I have three answers to this question that are somewhat interrelated. I think we need to understand:
- How to reconcile the fact that AI is built to scale while ensuring that the tools we build are tailored to fit local knowledge, experience and needs.
- If we want to create tools that are tailored to the local context, we will need to integrate anthropologists and sociologists into the AI design process. However, there are a multitude of incentive structures and other barriers that prevent meaningful interdisciplinary collaboration. How can we overcome this?
- How can we influence the design process even more deeply than simply incorporating multidisciplinary expertise? Specifically, how can we shift incentives so that we design tools built for those who need it most urgently, rather than those whose data or business is most profitable?
What are some issues AI users should be aware of?
Labor exploitation is one of the topics that I don’t think is covered enough. There are many artificial intelligence models that learn from labeled data using supervised learning methods. When the model is based on labeled data, there are people who need to do this labeling (ie, someone adds the label “cat” to an image of a cat). These people (commenters) are often subject to exploitative practices.

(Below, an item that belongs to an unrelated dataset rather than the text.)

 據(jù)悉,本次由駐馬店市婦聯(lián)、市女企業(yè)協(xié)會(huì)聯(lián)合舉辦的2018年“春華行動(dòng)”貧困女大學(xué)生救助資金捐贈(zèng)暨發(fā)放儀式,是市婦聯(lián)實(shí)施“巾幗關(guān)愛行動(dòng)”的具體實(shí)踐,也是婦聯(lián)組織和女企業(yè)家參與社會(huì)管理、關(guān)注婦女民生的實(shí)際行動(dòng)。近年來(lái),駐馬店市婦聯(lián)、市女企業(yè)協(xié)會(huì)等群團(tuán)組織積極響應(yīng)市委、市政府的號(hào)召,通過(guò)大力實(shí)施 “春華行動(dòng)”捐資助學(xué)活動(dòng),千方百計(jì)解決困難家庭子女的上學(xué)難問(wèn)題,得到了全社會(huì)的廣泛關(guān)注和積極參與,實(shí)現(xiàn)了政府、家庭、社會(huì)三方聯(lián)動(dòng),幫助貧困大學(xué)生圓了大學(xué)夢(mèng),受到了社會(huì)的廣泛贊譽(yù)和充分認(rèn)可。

For models that do not require data to be labeled during the training process (as is the case with some generative AI models and other foundational models), datasets can be created exploitatively, given that developers often do not obtain consent or provide compensation or credit to data creators.
I would recommend checking out the work of Krystal Kauffman, who I was very happy to see featured in this TechCrunch series. It makes progress in defending commenters’ labor rights, including a living wage, an end to “mass dismissal” practices, and detention practices aligned with fundamental human rights (in response to developments such as intrusive surveillance).

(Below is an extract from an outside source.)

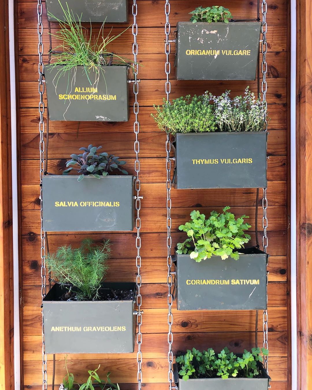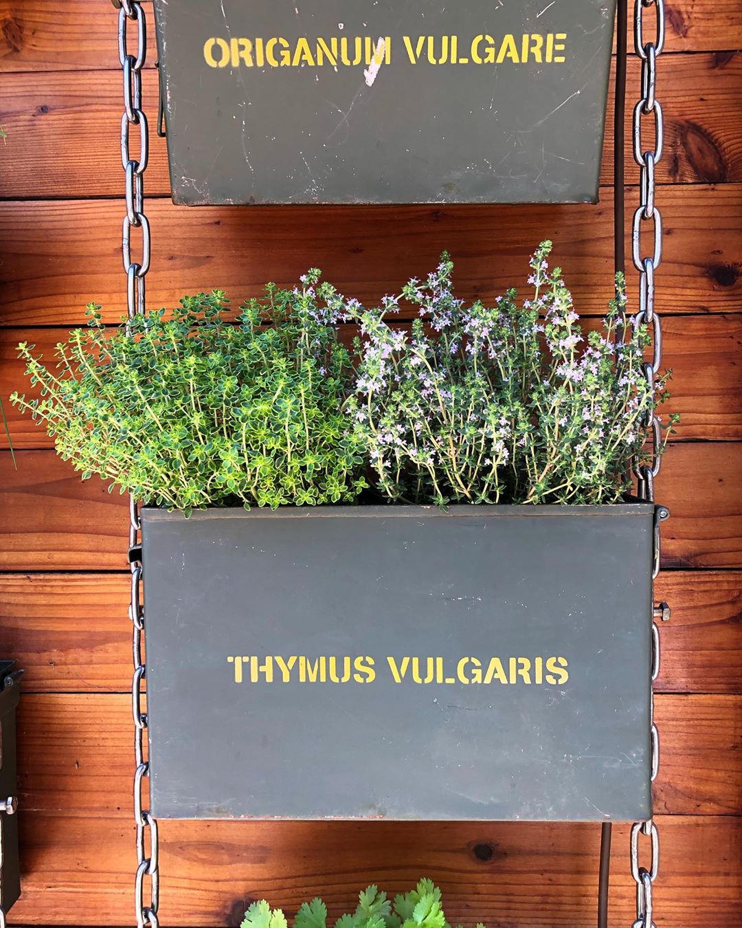 Herbs not ammo! We love repurposing ammo cans into narrow containers great for vertical gardening. Check out our story highlight to see how we refreshed the ammo cans and hung them along the chains! #herbgarden #diy #ammocangarden

What’s the best way to build responsible AI?
People often look to the ethical principles of artificial intelligence in order to claim that their technology is responsible. Unfortunately, ethical reflection can only begin after certain decisions have already been made, including but not limited to:
- What are you building?
- How do you build it?
- How will it develop?
If you wait until these decisions are made, you will have missed countless opportunities to create responsible technology.
In my experience, the best way to build responsible AI is to know — from the earliest stages of your process — how your problem is defined and whose interests it serves. how orientation supports or challenges pre-existing power dynamics; and which communities will be empowered or disempowered through the use of AI.
If you want to build meaningful solutions, you need to navigate these power systems carefully.
How can investors best push for responsible AI?
Ask about team values. If values are defined, at least in part, by the local community and there is a degree of accountability within that community, the group is more likely to incorporate responsible practices.